On 20/06/2008, at 4:22 PM, Simo Leone wrote:
On Fri, Jun 20, 2008 at 12:54:29AM +0800, Callan Barrett wrote:
Here's another iteration of this patch, I'm still looking for as much
input as possible but this is basically what I would push to testing
at this point. The script now outputs in a different format to be
parsed and there is some cleanup done in pkgsubmit.php to get it
working more cleanly with the script.
Unfortunately Callan and I found a way to easily defeat this tonight,
the proof-of-concept is attached, the attack is based on this little
bit
about restricted shells (from the manpage):
---
When a command that is found to be a shell script is executed (see
COM-
MAND EXECUTION above), rbash turns off any restrictions in the shell
spawned to execute the script.
---
Too bad too, real bash parsing would have been nice :/
-S
<script.txt><PKGBUILD.txt><fucked.sh>
Perhaps we should write up our own tiny little bash parser.
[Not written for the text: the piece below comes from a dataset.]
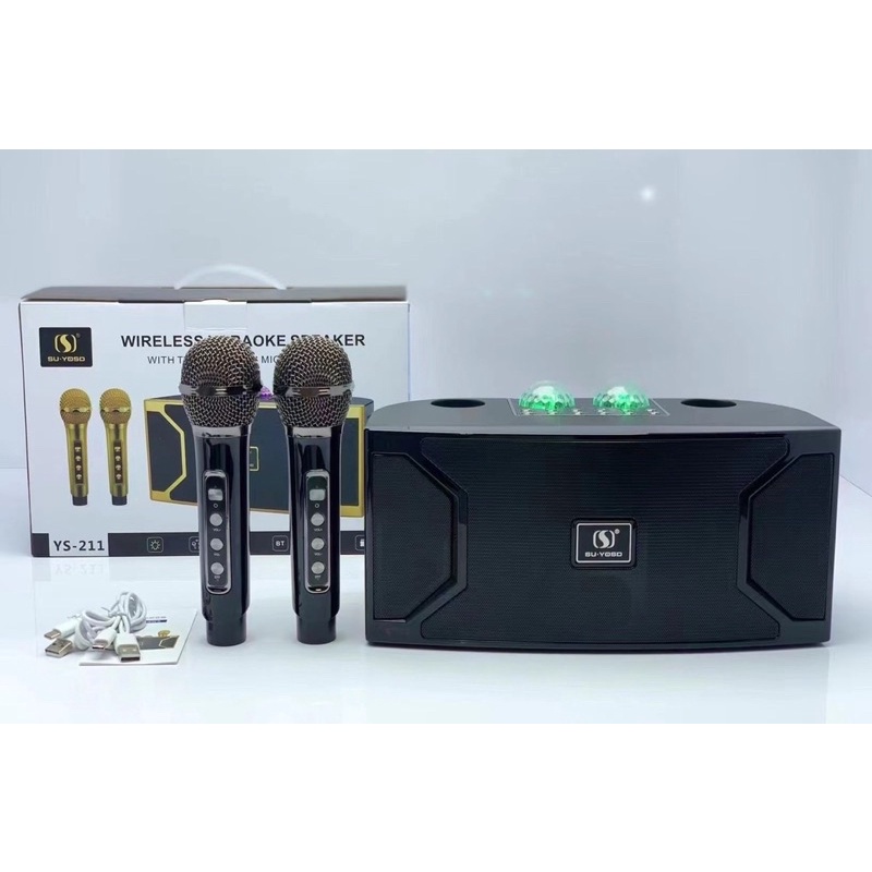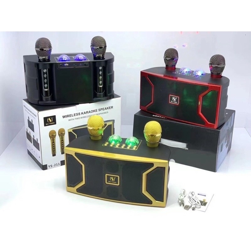 Loa karaoke bluetooth kèm 2 micro hát không dây YS 211 âm thanh hay bass căng pin lâu

I've never
really done anything like that before, but after a little googling I
found two tools that could simplify the whole process a lot; Lex and
YACC. Lex tokenizes the source code and YACC recognizes higher-level
patterns (expressions, assignments, etc). I believe the output of YACC
is compiled as a C program, so we could run that and use the output
somehow. We mostly only deal with assignments, which should be fairly
straight forward. I have seen a few (official) PKGBUILDs that used
loops to generate the source and md5sums arrays, so we might want to
support that as well. Of course doing so would introduce the problem
with infinite loops. "If" statements (both the traditional syntax and
the shorthand) would probably be necessary, since checksums may be
different for different architectures (different blob for each
architecture). I don't see any harm in supporting those.
Of course going down this path means a LOT more work and most likely a
lot more bugs and hair pulling. On the other hand we do have very
tight control over the parsing and we can modify it at will.